• [PROMPT]
The data below is to be written out exactly, with no pictures.

▼

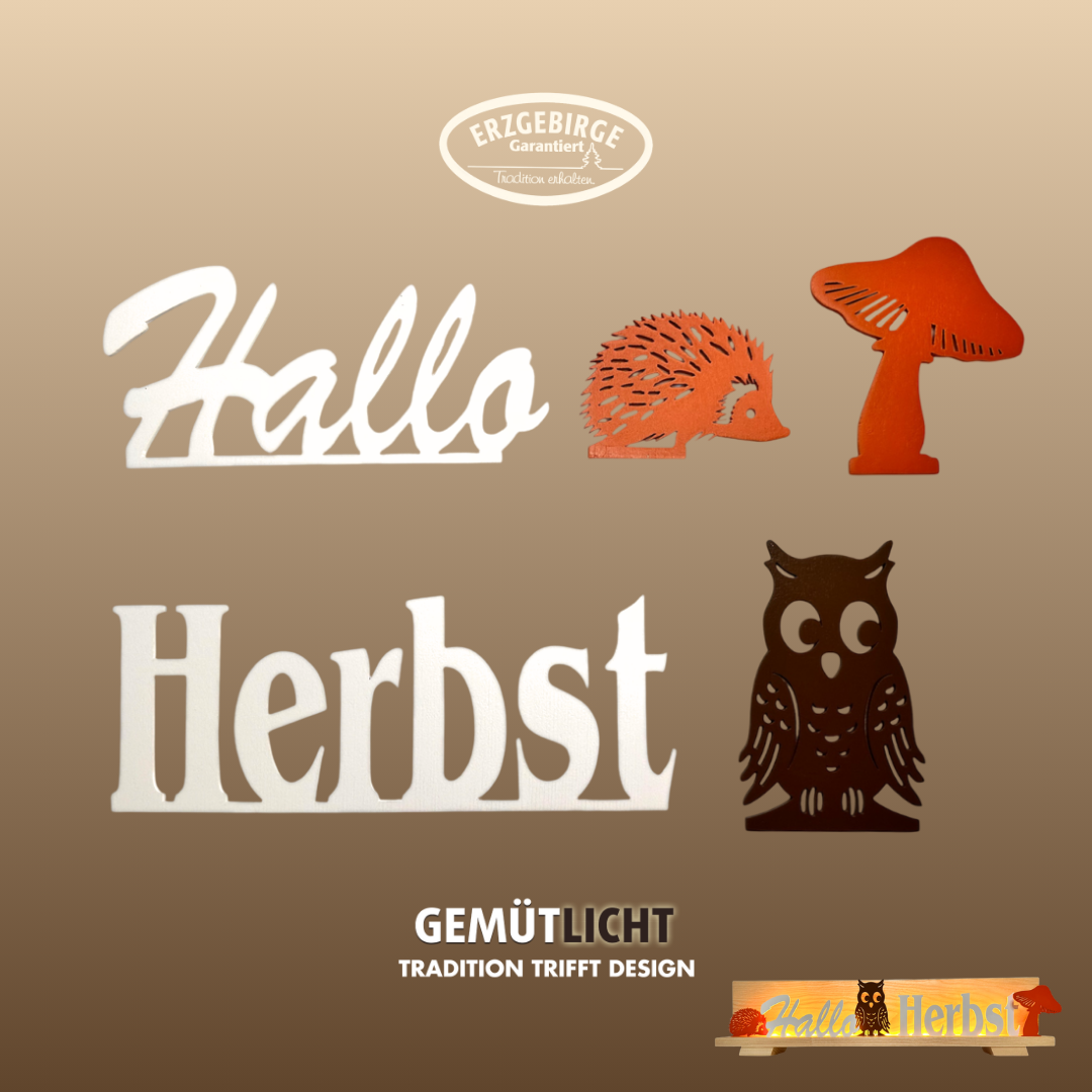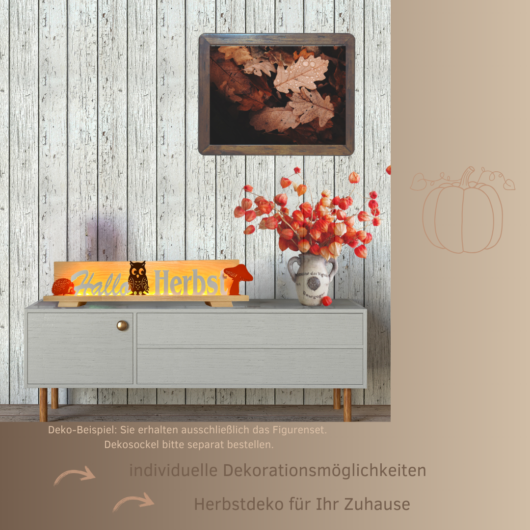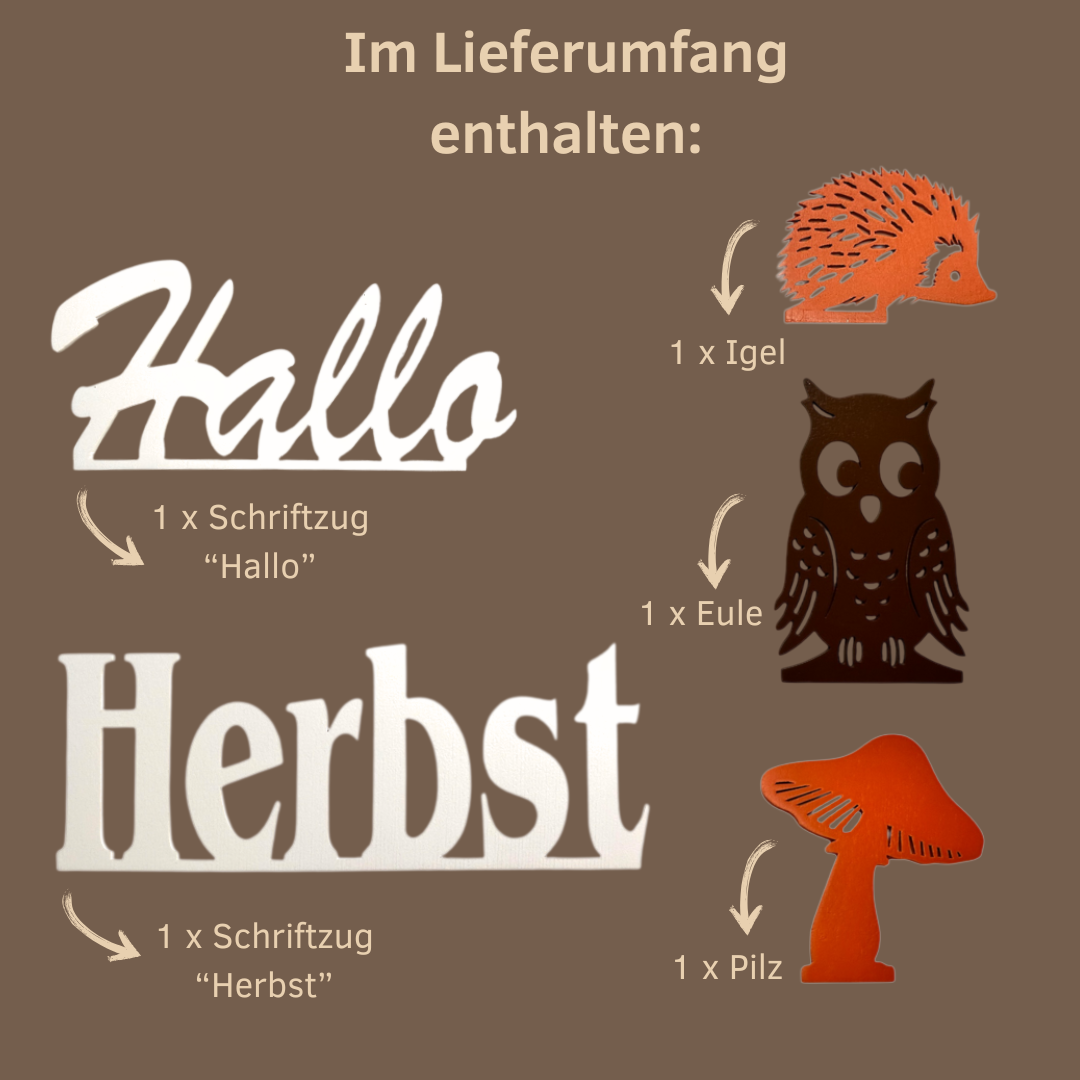- 5-teiliges Figurenset – inklusive Schriftzug „Hallo“, Schriftzug „Herbst“, Igel, Eule und Pilz
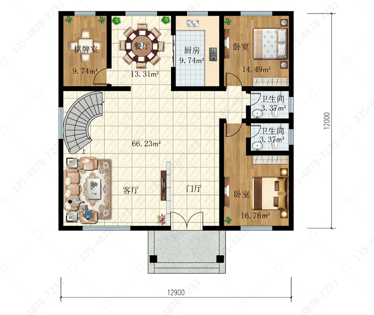 一 层:门厅、客厅(中空)、卧室(附卫生间)、卧室、棋牌室、厨房、餐厅、卫生间
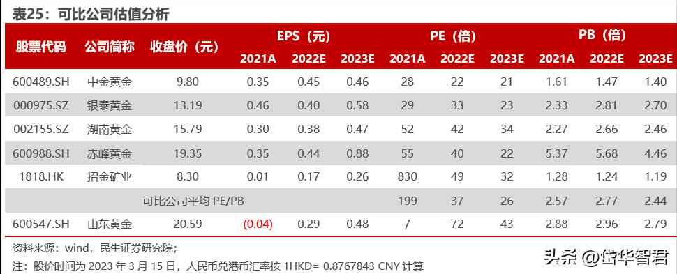 以2023年3月15日股价为基准,2022-2023年可比公司平均PE分别为37倍和26倍,山东黄金PE为72和43倍;2022-2023年可比公司PB分别为2.77和2.44倍,山东黄金PB为2.96和2.79倍。
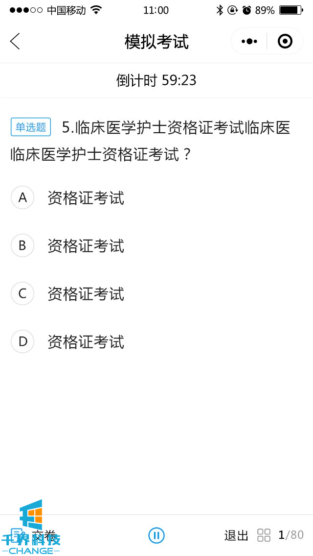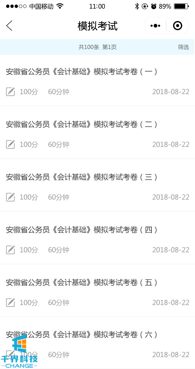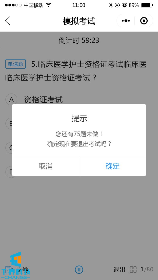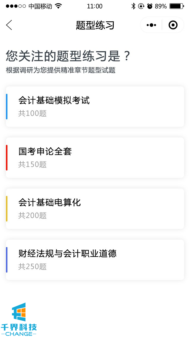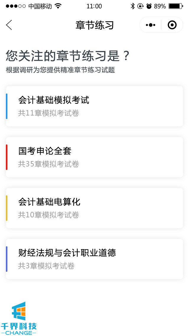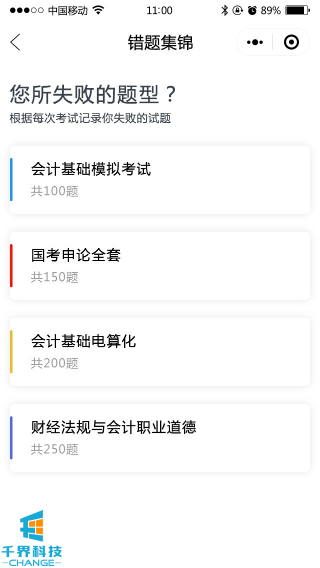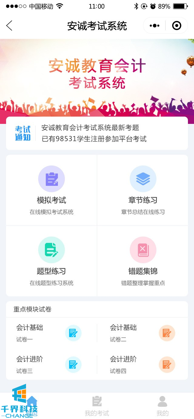 包含模擬考試,提交答題卡,然后出考試成績(jì),試題解析,章節練習,錯題集錦,題型選擇
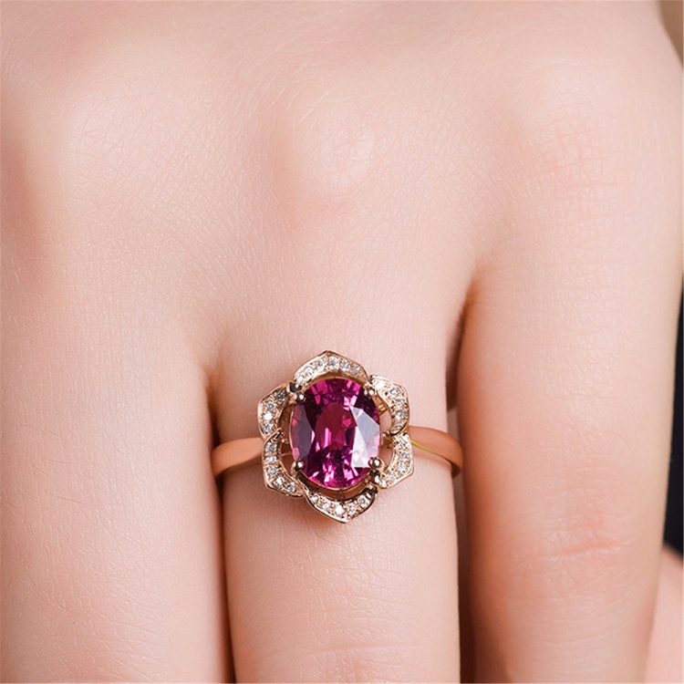 Fashion Red Tourmaline Rose Gold Flower Shape Women Ring
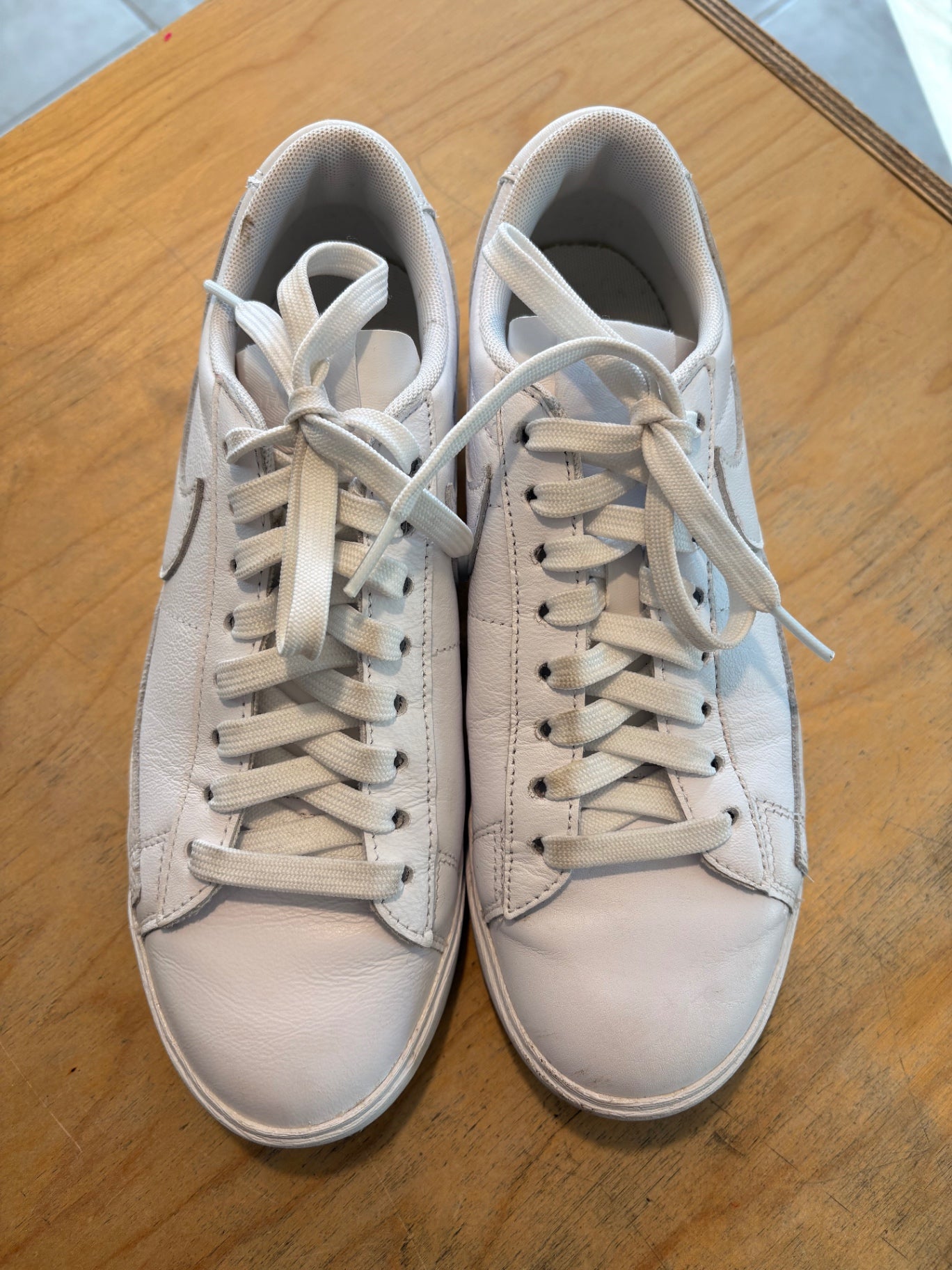 Classic white leather sneakers that showcase a clean and versatile style. Perfect for casual wear or adding a sporty touch to your everyday outfits. The minimalist design offers comfort and simplicity, making them a staple in any wardrobe.
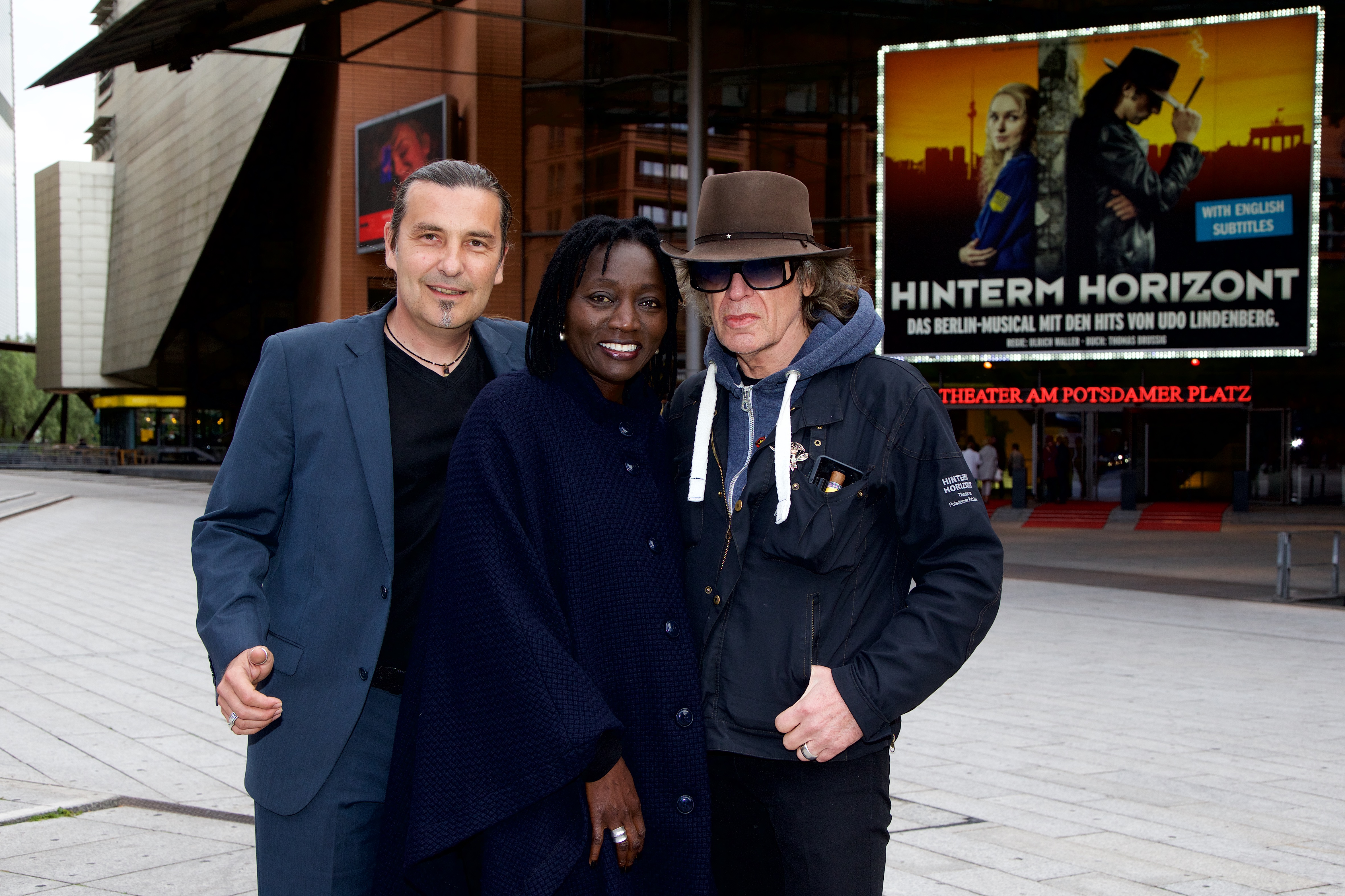 Hoher Besuch bei Berlins erfolgreichstem Musical HINTERM HORIZONT: Dr. Auma Obama, die Schwester von US-Präsident Barack Obama, besuchte im Rahmen ihrer Vorbereitung „Sauti Kuu Act Now Jugend Award 2015“ am Freitagabend die Vorstellung des Musicals. Udo Lindenberg ließ es sich nicht nehmen, den Ehrengast persönlich im Stage Theater am Potsdamer Platz zu begrüßen. „Ich freue mich sehr die großartige Aktion mit tragen zu können“
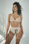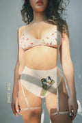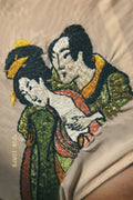 This stretch mesh high waisted knicker is beautifully embroidered with a Japanese couple, reminiscent of classic ukiyo-e paintings prints. The beige fabric is accented with droplets of multi-colored beads, making this lingerie piece truly eye-catching.
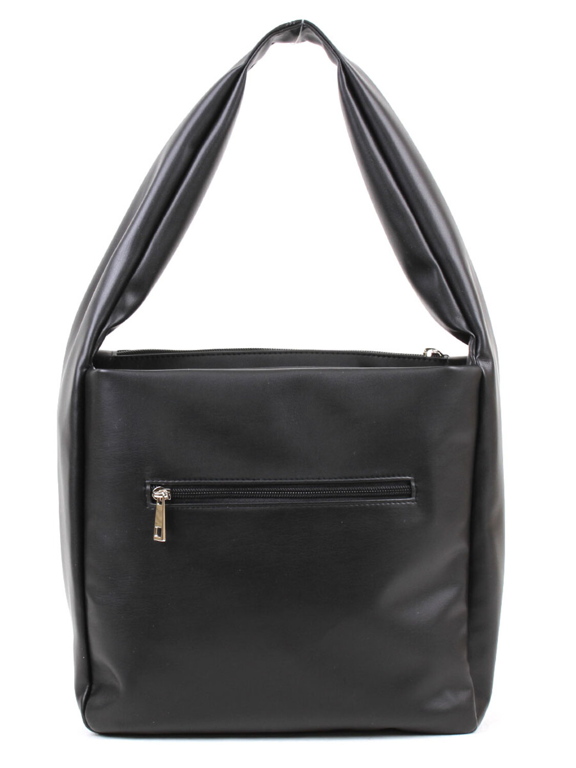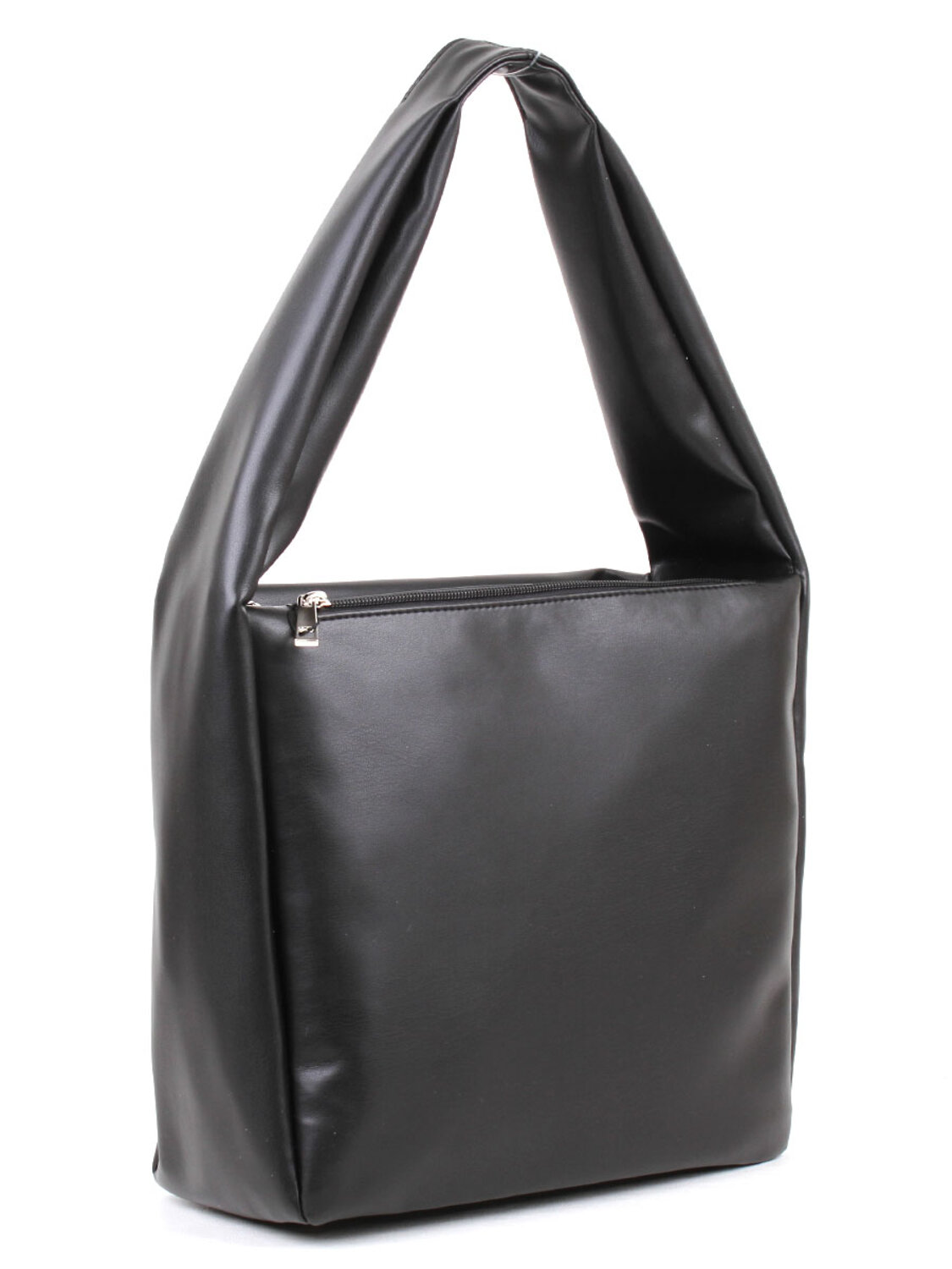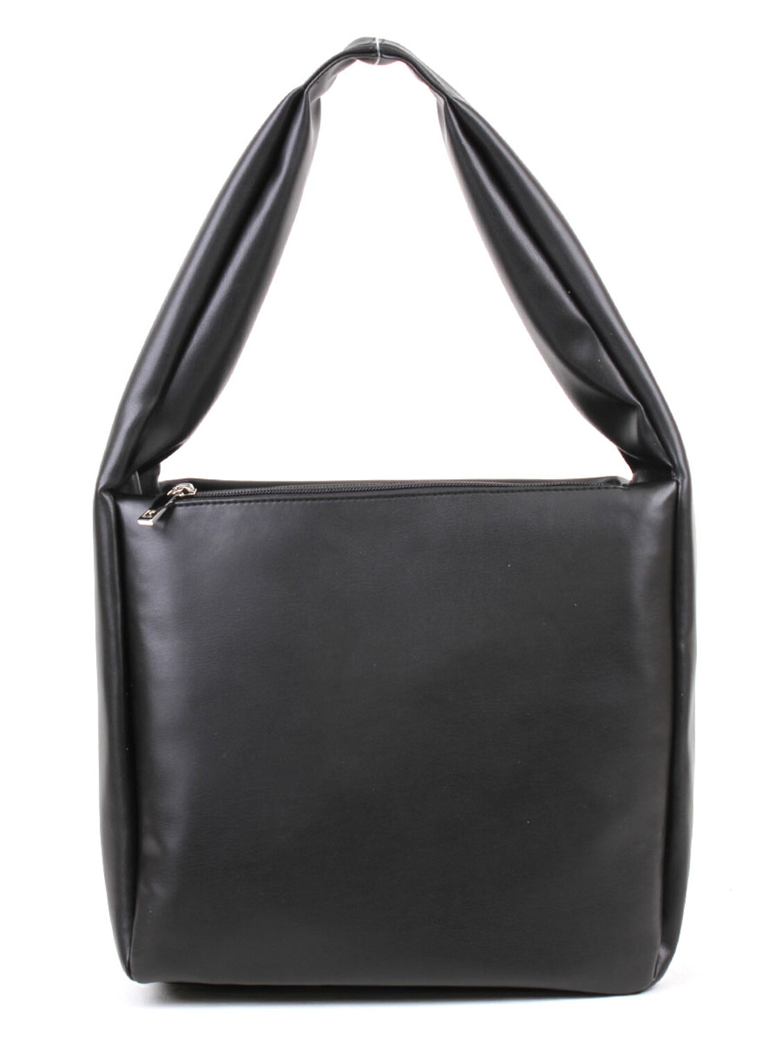 Женская сумка на плечо квадратного формата с двумя отделениями на молнии. На задней стенке - карман на молнии. Внутри большего отделения - карман на молнии и два кармашка для мелочей. Высота ручки - 24 см.
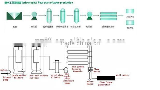 The system includes preprocessing part (booster pump, precision quartz sand filter, activated carbon adsorption filter quality, 5 μ M filter), RO reverse osmosis part (equipment control, high pressure water pump, RO components, control sensor), mixed bed part (mixed bed column, cation resin, anion exchange resin). Water finally into pure water tank, pump water to pure water, pure water tank to prevent bacterial contamination of RO water, ensure that the effluent quality.

▲

• [SOLUTION TO THIS TASK]
- 5-teiliges Figurenset – inklusive Schriftzug „Hallo“, Schriftzug „Herbst“, Igel, Eule und Pilz
 一 层:门厅、客厅(中空)、卧室(附卫生间)、卧室、棋牌室、厨房、餐厅、卫生间
 以2023年3月15日股价为基准,2022-2023年可比公司平均PE分别为37倍和26倍,山东黄金PE为72和43倍;2022-2023年可比公司PB分别为2.77和2.44倍,山东黄金PB为2.96和2.79倍。
 包含模擬考試,提交答題卡,然后出考試成績(jì),試題解析,章節練習,錯題集錦,題型選擇
 Fashion Red Tourmaline Rose Gold Flower Shape Women Ring
 Classic white leather sneakers that showcase a clean and versatile style. Perfect for casual wear or adding a sporty touch to your everyday outfits. The minimalist design offers comfort and simplicity, making them a staple in any wardrobe.
 Hoher Besuch bei Berlins erfolgreichstem Musical HINTERM HORIZONT: Dr. Auma Obama, die Schwester von US-Präsident Barack Obama, besuchte im Rahmen ihrer Vorbereitung „Sauti Kuu Act Now Jugend Award 2015“ am Freitagabend die Vorstellung des Musicals. Udo Lindenberg ließ es sich nicht nehmen, den Ehrengast persönlich im Stage Theater am Potsdamer Platz zu begrüßen. „Ich freue mich sehr die großartige Aktion mit tragen zu können“
 This stretch mesh high waisted knicker is beautifully embroidered with a Japanese couple, reminiscent of classic ukiyo-e paintings prints. The beige fabric is accented with droplets of multi-colored beads, making this lingerie piece truly eye-catching.
 Женская сумка на плечо квадратного формата с двумя отделениями на молнии. На задней стенке - карман на молнии. Внутри большего отделения - карман на молнии и два кармашка для мелочей. Высота ручки - 24 см.
 The system includes preprocessing part (booster pump, precision quartz sand filter, activated carbon adsorption filter quality, 5 μ M filter), RO reverse osmosis part (equipment control, high pressure water pump, RO components, control sensor), mixed bed part (mixed bed column, cation resin, anion exchange resin). Water finally into pure water tank, pump water to pure water, pure water tank to prevent bacterial contamination of RO water, ensure that the effluent quality.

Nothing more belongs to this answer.